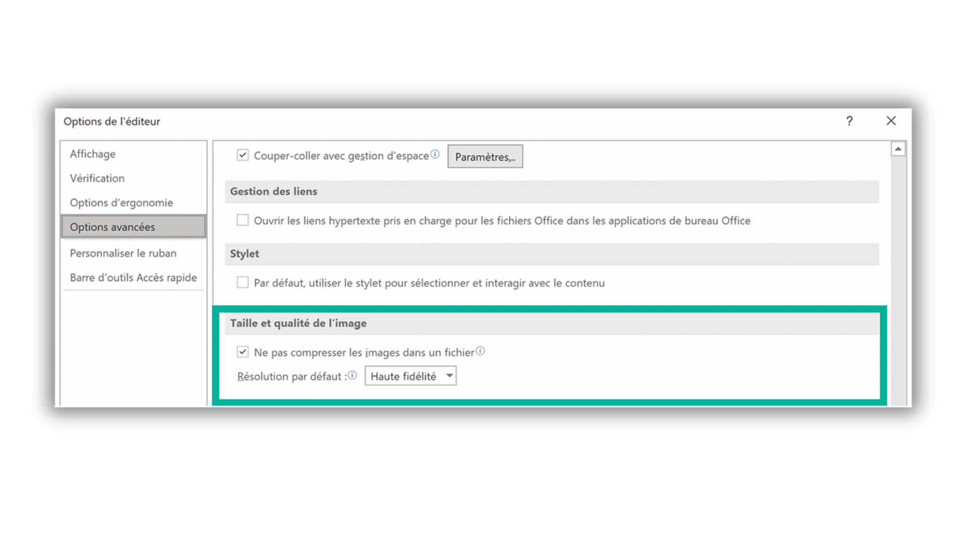 Dans Options avancées, scrollez jusqu'à la partie : Taille et qualité de l'image
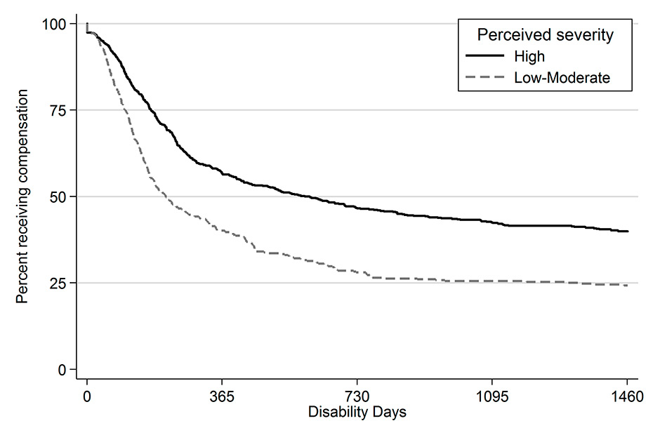 Furthermore, these data allow us to understand better the kinetics of TFW. The slope of the survival curve decreases progressively, eventually reaching a final plateau 2 years after rehabilitation (see fig. 1). This means that about one third of the patients are likely to experience long or even permanent disability. Interestingly, patients who perceived a lower severity of their injuries were more rapidly fit for work (half of them did not get compensation after 194 days, see fig. 3) than those with a high perceived severity (half of them were getting compensation for at least 602 days).
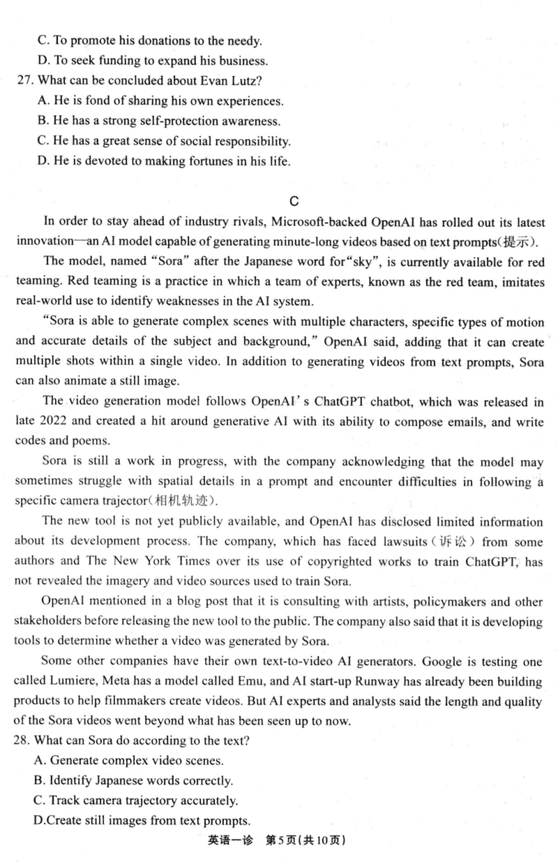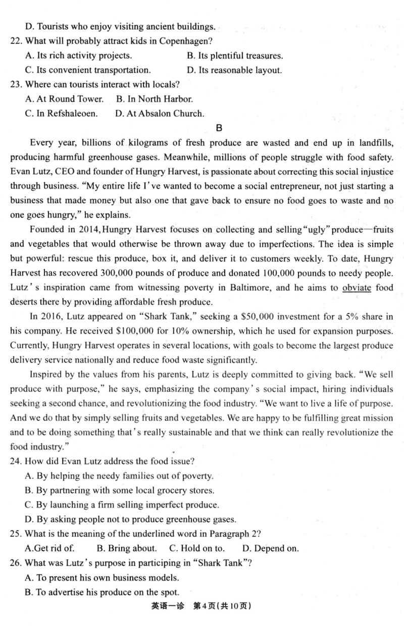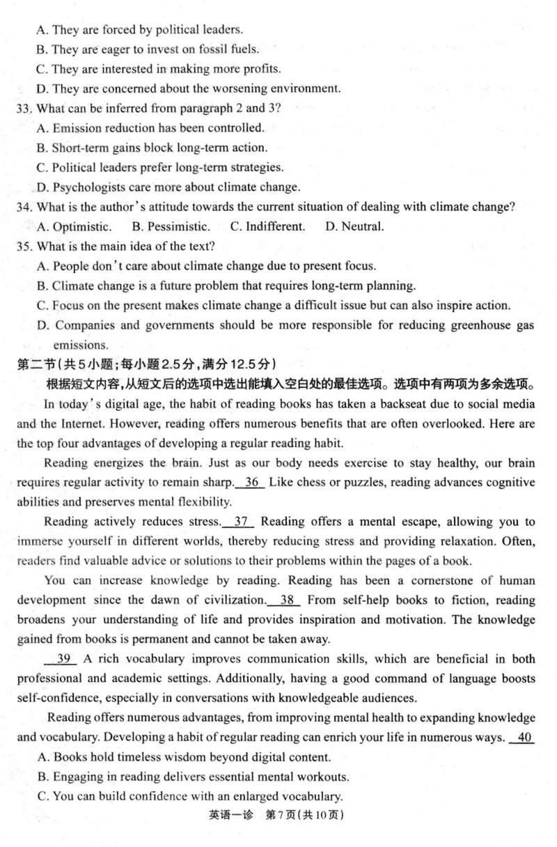 德阳一诊2025届高三第一次诊断考试英语试题及答案
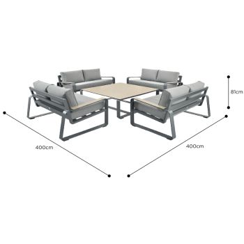 - Manufactured from a rust resistant aluminium with durable wood effect, porcelain tabletop and arm covers
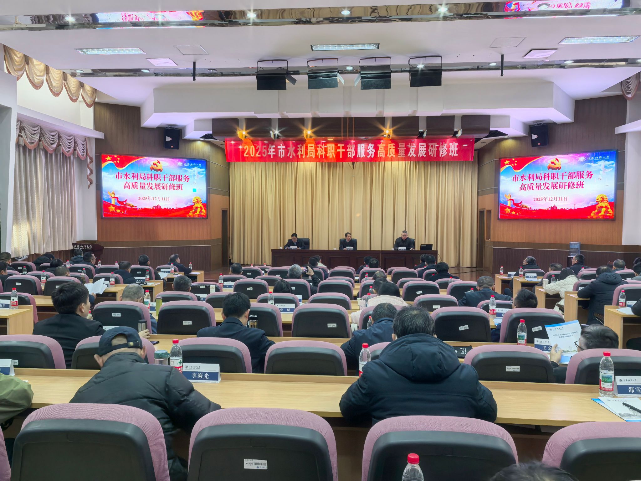 12月11日上午,2025年连云港市水利局科职干部服务高质量发展研修班在我校开班。继续教育学院院长舒伟出席开班仪式并致辞,连云港市水利局局长颜建作开班动员,连云港市水利局各部门科职干部94人参加培训。
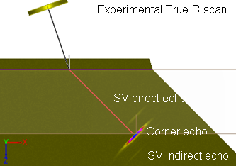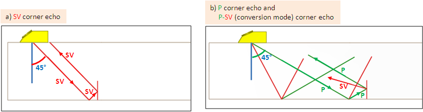 The corner echo corresponds to the double reflection, on the specimen backwall and on the notch, of an oblique incident bulk wave (P or SV wave). Mode conversion can also occur which gives rise to additional corner echoes.

########

**What is needed:** Write out, word for word, the lines running from the one containing "- Manufactured from" to the end of the data above; the pictures are to be left out.

**Problem solution:**
 - Manufactured from a rust resistant aluminium with durable wood effect, porcelain tabletop and arm covers
 12月11日上午,2025年连云港市水利局科职干部服务高质量发展研修班在我校开班。继续教育学院院长舒伟出席开班仪式并致辞,连云港市水利局局长颜建作开班动员,连云港市水利局各部门科职干部94人参加培训。
 The corner echo corresponds to the double reflection, on the specimen backwall and on the notch, of an oblique incident bulk wave (P or SV wave). Mode conversion can also occur which gives rise to additional corner echoes.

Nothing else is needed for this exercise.